Friday, 27 February 2009

Talks on St. Paul

For the readers of this blog in Dublin:
Beginning on Tuesday the 3rd of March 2009, a series of lenten talks will start on the Letters of Saint Paul, given by Fr John Harris OP. These talks will continue on each Tuesday of Lent.

The talks are held in St Catherine's Chapel in the Dominican Priory, the entrance is at Upper Dorset Street, and it will be from 8.00pm to 9.00pm.

It might be possible to make video recordings of this series of talks, and if so I will post them on this blog as soon as they are edited.

Thursday, 26 February 2009

Frequency list of all the words in the letter to the Romans out of the Greek Bible

Update: I now have an iPhone/iPad/iTouch App in the AppStore, which makes it very easy to practice vocabulary. It includes Latin, Greek and Hebrew: iTunes App Store

Just another Greek word frequency list I created and decided to share. As it is the year of St. Paul, I am studying Romans and therefore, I created a word list of the Greek bible (with frequency of the words occurring) in Romans so I can learn the specific vocabulary Saint Paul uses in Romans, specifically focused on the words he uses most often.

The link is:

Also, the link below is an example of the setup I use in Vocabwork for vocabulary practice. Put the file in the same directory as the file above, and it should give an idea on how to configure Vocabworks:

Tuesday, 24 February 2009

Ash Wednesday (Mt 6:1-6,16-18)

I just thought it appropriate to do a small reflection on the start of Lent. We will now enter the forty day period, a period in the desert, and I was all set to write a reflection on this theme. However, when I looked up the Gospel of Ash Wednesday, I didn't find "The Spirit immediately drove him out into the wilderness. And he was in the wilderness forty days (Mar 1:12-13)" but something quite different...

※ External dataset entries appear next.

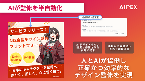 AIPEXは1月27日、AI統合型 デザイン監修プラットフォーム「AIPEX™(アイペックス)」の提供を開始した。
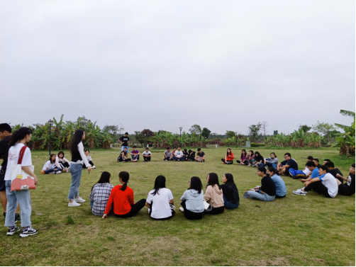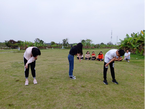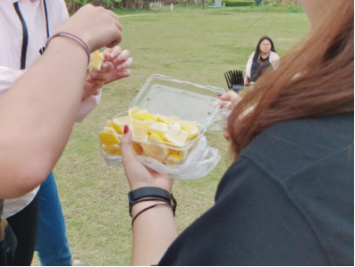 在到达蕉园后,同学们在班委的组织下进行分组并围圈而坐,认真听活动主持人介绍活动目的,活动意义及几项游戏的规则,团日活动便正式开始啦!
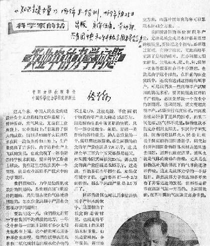 钱学森:农业中的力学问题--亩产万斤不是问题
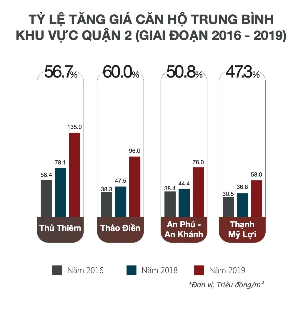 Quận 2 luôn là điểm nóng của thị trường bất động sản và không có dấu hiệu hạ nhiệt. Thực tế cho thấy nguồn cung căn hộ tại Quận 2 rất lớn, tuy vậy Quận 2 vẫn luôn có tỷ lệ hấp thụ cao lên đến 97% Bởi các yếu tố giá trị về vị trí vô cùng đắt giá cũng như các yếu tố phát triển cơ sở hạ tầng trong tương lai gần.
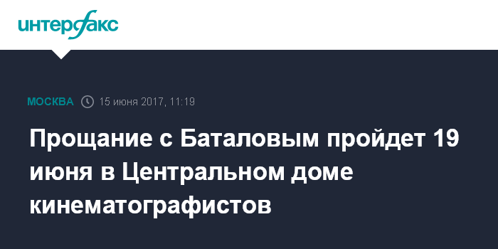 "Прощание с Алексеем Баталовым состоится в Большом зале Центрального дома кинематографистов в понедельник 19 июня. По адресу Васильевская, 13. Похороны - на Преображенском кладбище", - рассказали "Интерфаксу" в ЦДК в четверг.
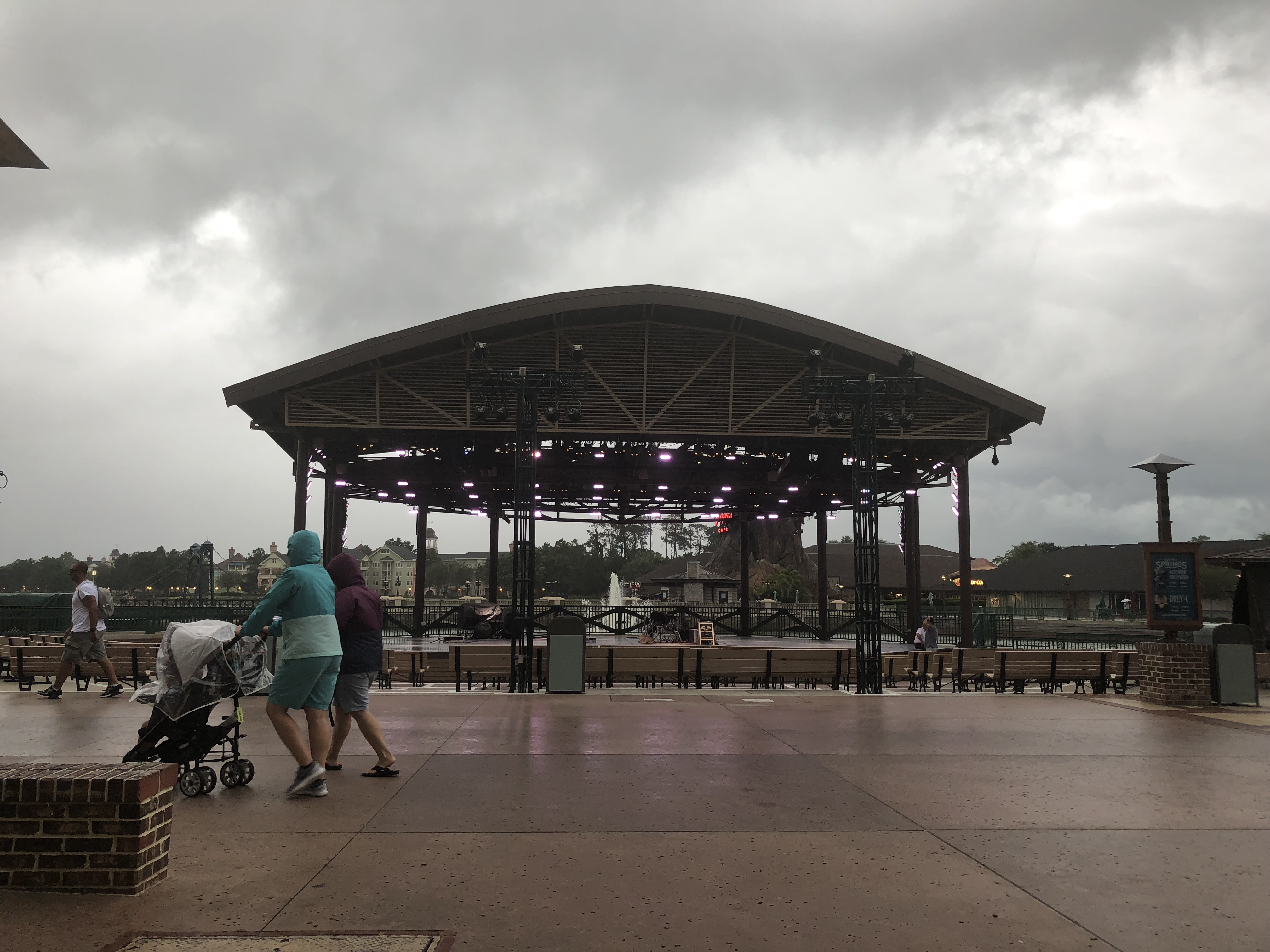 These two pictures were taken just a few minutes apart while we went in and out of World of Disney at Disney Springs. Bright sunshine to absolute pouring rain! That evening we were not prepared at all, despite usually having ponchos with us!

The Gospel starts of with "Beware of practicing your piety before men in order to be seen by them; for then you will have no reward from your Father who is in heaven (Mat 6:1)". Kind of a different reading than I was expecting, but off course very relevant for this day when we start the fasting season...

Jesus tells us in a few examples that we should not attract attention to ourselves by what we are supposedly doing for God. If we do this, and try to show others how good or pious we are we achieve frankly exactly the opposite, we stimulate our pride, and that is not the reason for fasting or for praying. If the reason was only to get wordily gain, then it would be easy enough to come up with a thing or two that would be much more convenient then fasting/self denial. No, fasting is denying yourself something in order to gain more...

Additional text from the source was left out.